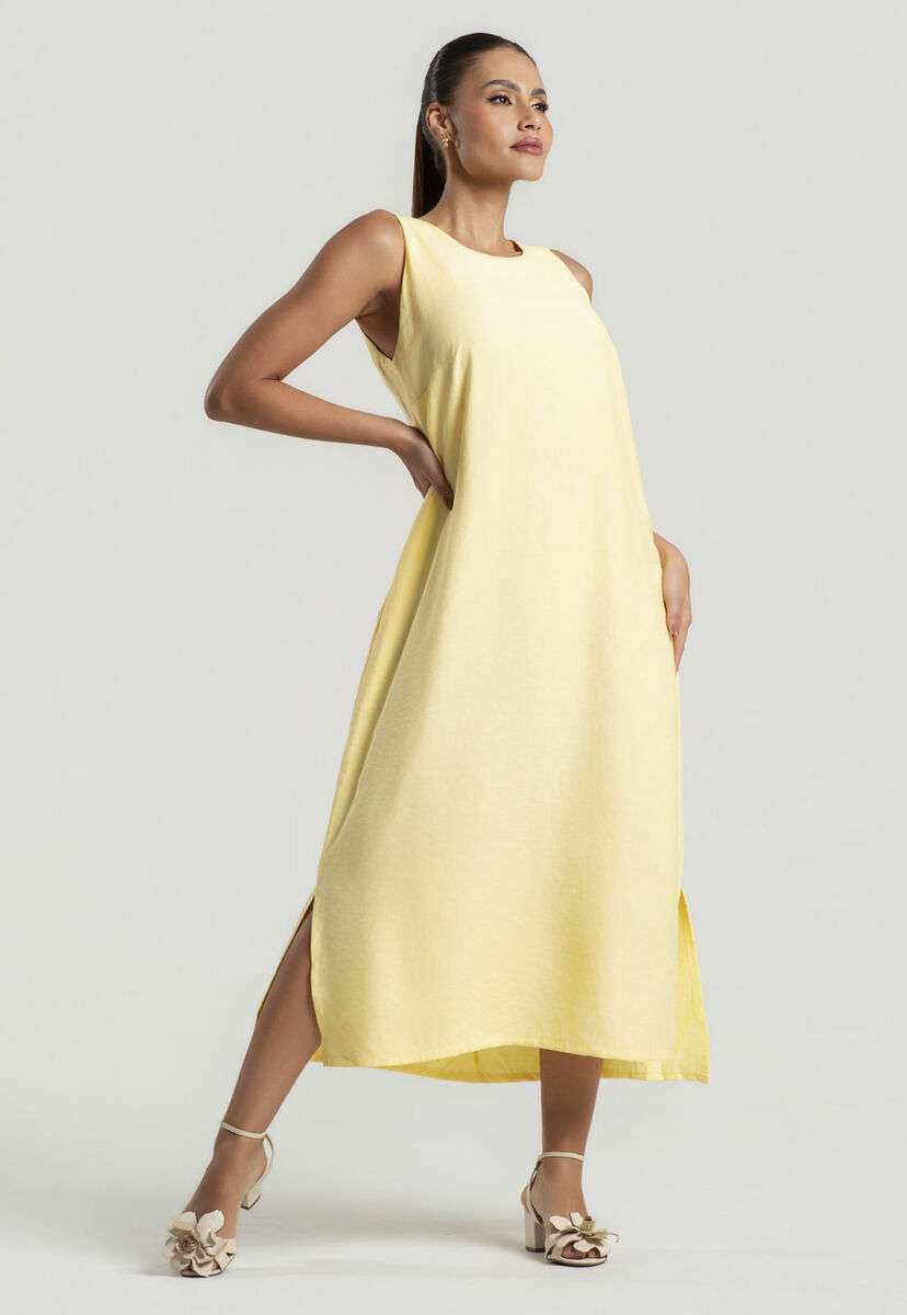 Refresque seus dias com o charme descontraído do vestido midi regata com fendas laterais e bolsos. Essa peça é a escolha ideal para quem busca leveza, praticidade e um toque moderno para os looks do dia a dia. Com caimento solto e tecido de alfaiataria marrant, ele é perfeito para os dias quentes, passeios ao ar livre, férias ou produções urbanas minimalistas.O design sem mangas aliado à modelagem reta proporciona liberdade de movimentos e muito frescor. Já as fendas laterais e os bolsos trazem um diferencial moderno e funcional, tornando o vestido ainda mais versátil e estiloso. Modelagem midi retaFendas laterais discretasBolsos lateraisModelagem regata Medidas da modelo: Altura 1,72cm | Busto 83cm | Cintura 63cm | Quadril 97cm | Manequim 38Modelo veste P Composição: 90% Viscose, 10% Poliéster.
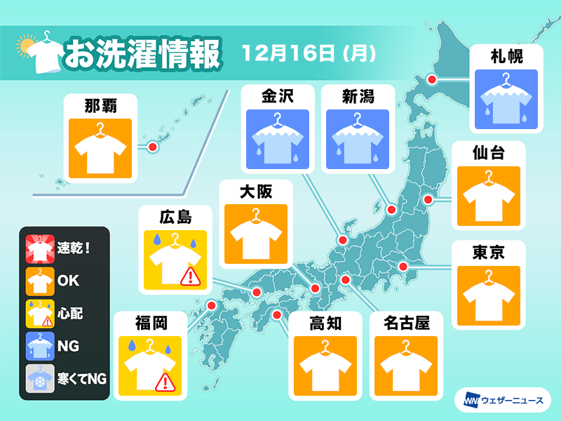 一方、東北や西日本太平洋側、沖縄は雲が広がりやすいものの、外干しは可能です。ただ、乾きにくいため、干し方を工夫すると良さそうです。
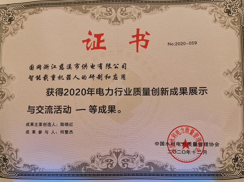 國網(wǎng)慈溪市供電公司智能機器人榮獲全國電力行業(yè)質(zhì)量創(chuàng)新成果一等獎
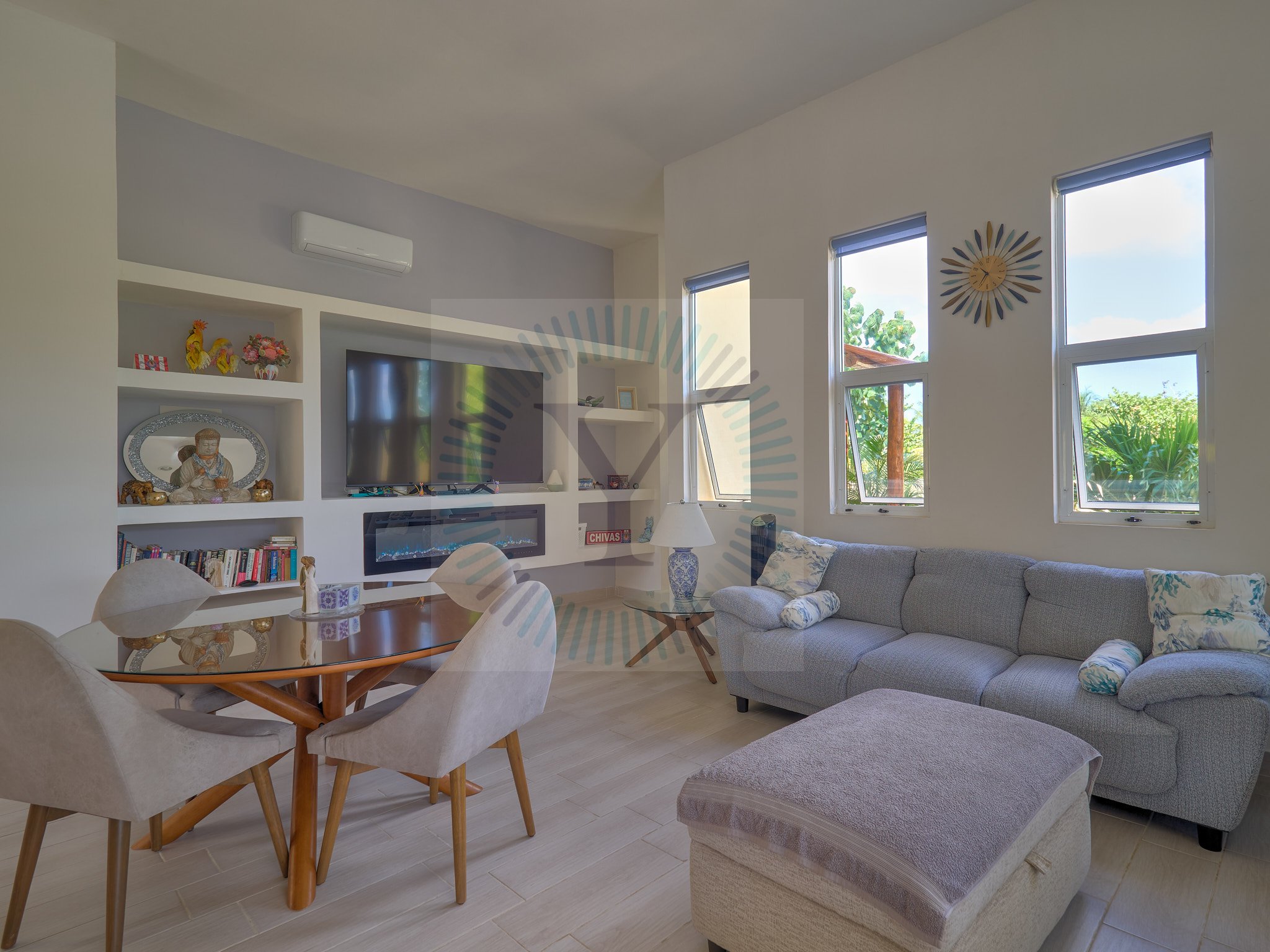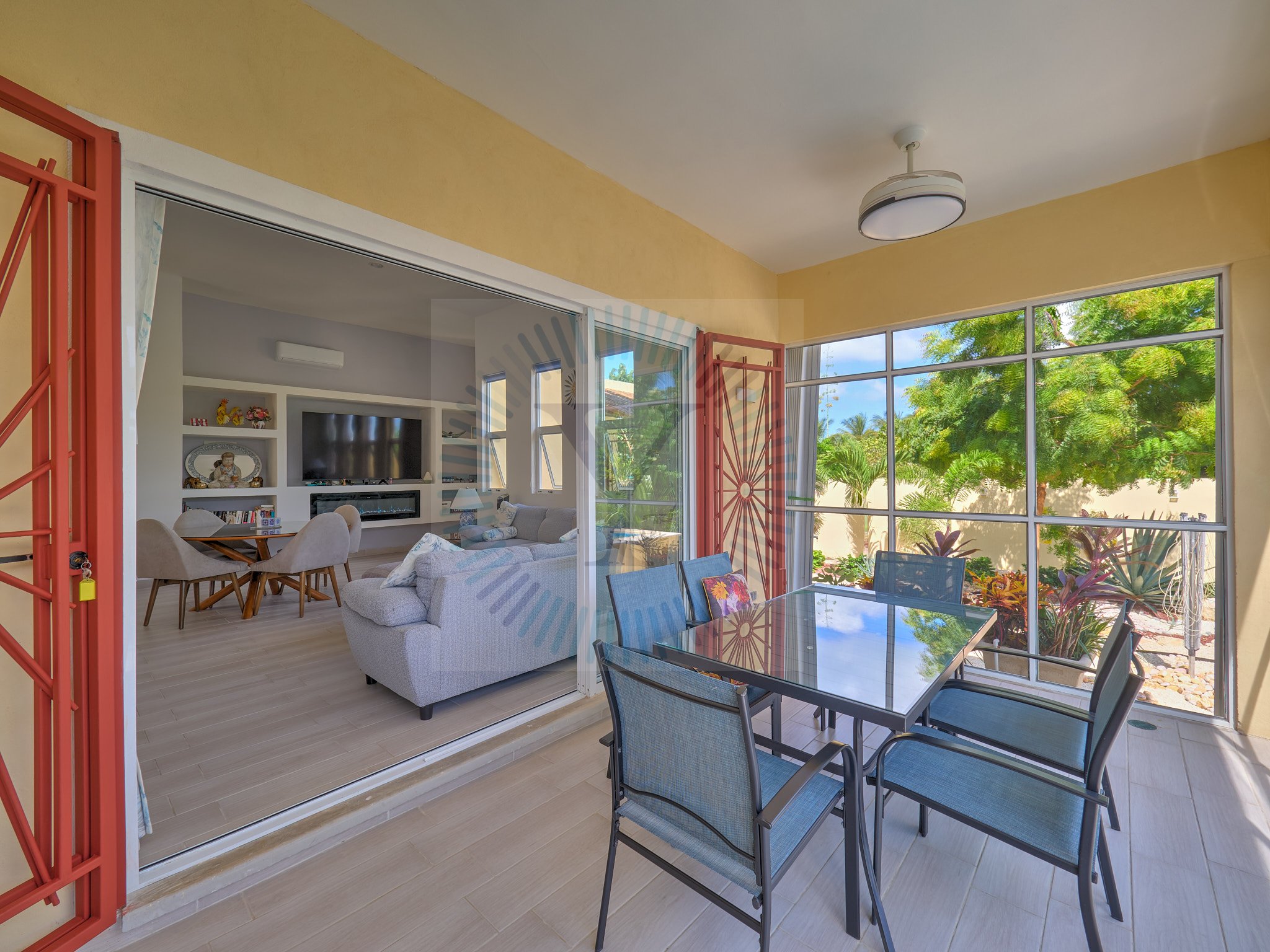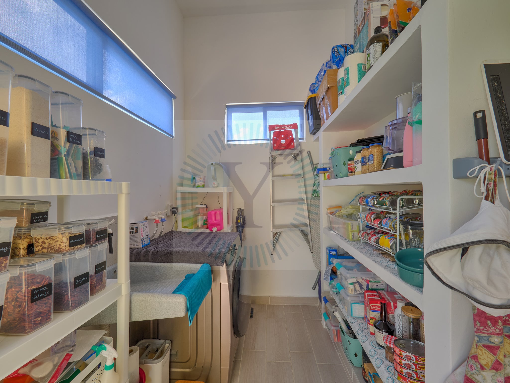 The property is entered through a keyless pedestrian access gate, or automatic opening gates & is surrounded by professionally landscaped, low maintenance gardens. This home is wheelchair accessible. All principal rooms are equipped with fans, air conditioning units & window coverings. The main accommodation is on the ground floor, with an open plan lounge, with double height ceiling for coolness, sliding patio doors lead onto a screened sun terrace overlooking the pool, a feature built in entertainment center incorporates a flame effect electric (fan assisted) fire. The well equipped cook’s kitchen has a window overlooking the front garden & features top of the line stainless steel appliances, including a side by side Samsung refrigerator/freezer, Smeg radiant heat five burner cooktop, a large/deep stainless steel sink (under which is housed a reverse osmosis water filtration system). The kitchen offers a generous & practical arrangement of granite countertops over painted wood cabinets/drawers, (including a pullout pantry cabinet alongside the oven), complemented by an adjacent pantry/laundry room off the kitchen with useful additional storage as well as a stainless steel Samsung washer/dryer, laundry sink, & access to the covered terrace (housing a large BBQ), pool area & rear garden. The kitchen also incorporates a two person breakfast bar, & on the dining area side of the kitchen, additional custom built drawers for extra storage.
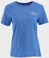 The Ford Trucks American Tradition Women's T-Shirt is a soft cotton-blend tee. The whole garment is blue, and on the left chest is the Ford script logo in crinkled white. On the back of the tee is a graphic in the same crinkled technique in white and navy. You will like the vintage flare of the 1949 Ford truck graphic depicting a little bit of history that has been a part of American tradition for over 100 years.
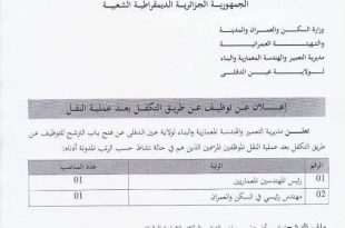 وزارة السكن والعمران والمدينة والتهيئة العمرانية مديرية التعمير والهندسة المعمارية والبناء لولاية عين الدفلى ads إعلان توظيف عن طريق التكفل بعد عملية النقل تعلن مديرية التعمير والهندسة المعمارية والبناء لولاية عين الدفلى عن فتح باب الترشح للتوظيف عن طريق التكفل بعد عملية النقل للموظفين …
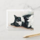 Diese Postkarte zeigt eine Reproduktion meines originalfarbigen Bleistiftes, der von einer Tuxedokatze gezeichnet wird.

Assignment:
Each line of the data above must be repeated exactly, images excluded.

Task solution:
 Refresque seus dias com o charme descontraído do vestido midi regata com fendas laterais e bolsos. Essa peça é a escolha ideal para quem busca leveza, praticidade e um toque moderno para os looks do dia a dia. Com caimento solto e tecido de alfaiataria marrant, ele é perfeito para os dias quentes, passeios ao ar livre, férias ou produções urbanas minimalistas.O design sem mangas aliado à modelagem reta proporciona liberdade de movimentos e muito frescor. Já as fendas laterais e os bolsos trazem um diferencial moderno e funcional, tornando o vestido ainda mais versátil e estiloso. Modelagem midi retaFendas laterais discretasBolsos lateraisModelagem regata Medidas da modelo: Altura 1,72cm | Busto 83cm | Cintura 63cm | Quadril 97cm | Manequim 38Modelo veste P Composição: 90% Viscose, 10% Poliéster.
 一方、東北や西日本太平洋側、沖縄は雲が広がりやすいものの、外干しは可能です。ただ、乾きにくいため、干し方を工夫すると良さそうです。
 國網(wǎng)慈溪市供電公司智能機器人榮獲全國電力行業(yè)質(zhì)量創(chuàng)新成果一等獎
 The property is entered through a keyless pedestrian access gate, or automatic opening gates & is surrounded by professionally landscaped, low maintenance gardens. This home is wheelchair accessible. All principal rooms are equipped with fans, air conditioning units & window coverings. The main accommodation is on the ground floor, with an open plan lounge, with double height ceiling for coolness, sliding patio doors lead onto a screened sun terrace overlooking the pool, a feature built in entertainment center incorporates a flame effect electric (fan assisted) fire. The well equipped cook’s kitchen has a window overlooking the front garden & features top of the line stainless steel appliances, including a side by side Samsung refrigerator/freezer, Smeg radiant heat five burner cooktop, a large/deep stainless steel sink (under which is housed a reverse osmosis water filtration system). The kitchen offers a generous & practical arrangement of granite countertops over painted wood cabinets/drawers, (including a pullout pantry cabinet alongside the oven), complemented by an adjacent pantry/laundry room off the kitchen with useful additional storage as well as a stainless steel Samsung washer/dryer, laundry sink, & access to the covered terrace (housing a large BBQ), pool area & rear garden. The kitchen also incorporates a two person breakfast bar, & on the dining area side of the kitchen, additional custom built drawers for extra storage.
 The Ford Trucks American Tradition Women's T-Shirt is a soft cotton-blend tee. The whole garment is blue, and on the left chest is the Ford script logo in crinkled white. On the back of the tee is a graphic in the same crinkled technique in white and navy. You will like the vintage flare of the 1949 Ford truck graphic depicting a little bit of history that has been a part of American tradition for over 100 years.
 وزارة السكن والعمران والمدينة والتهيئة العمرانية مديرية التعمير والهندسة المعمارية والبناء لولاية عين الدفلى ads إعلان توظيف عن طريق التكفل بعد عملية النقل تعلن مديرية التعمير والهندسة المعمارية والبناء لولاية عين الدفلى عن فتح باب الترشح للتوظيف عن طريق التكفل بعد عملية النقل للموظفين …
 Diese Postkarte zeigt eine Reproduktion meines originalfarbigen Bleistiftes, der von einer Tuxedokatze gezeichnet wird.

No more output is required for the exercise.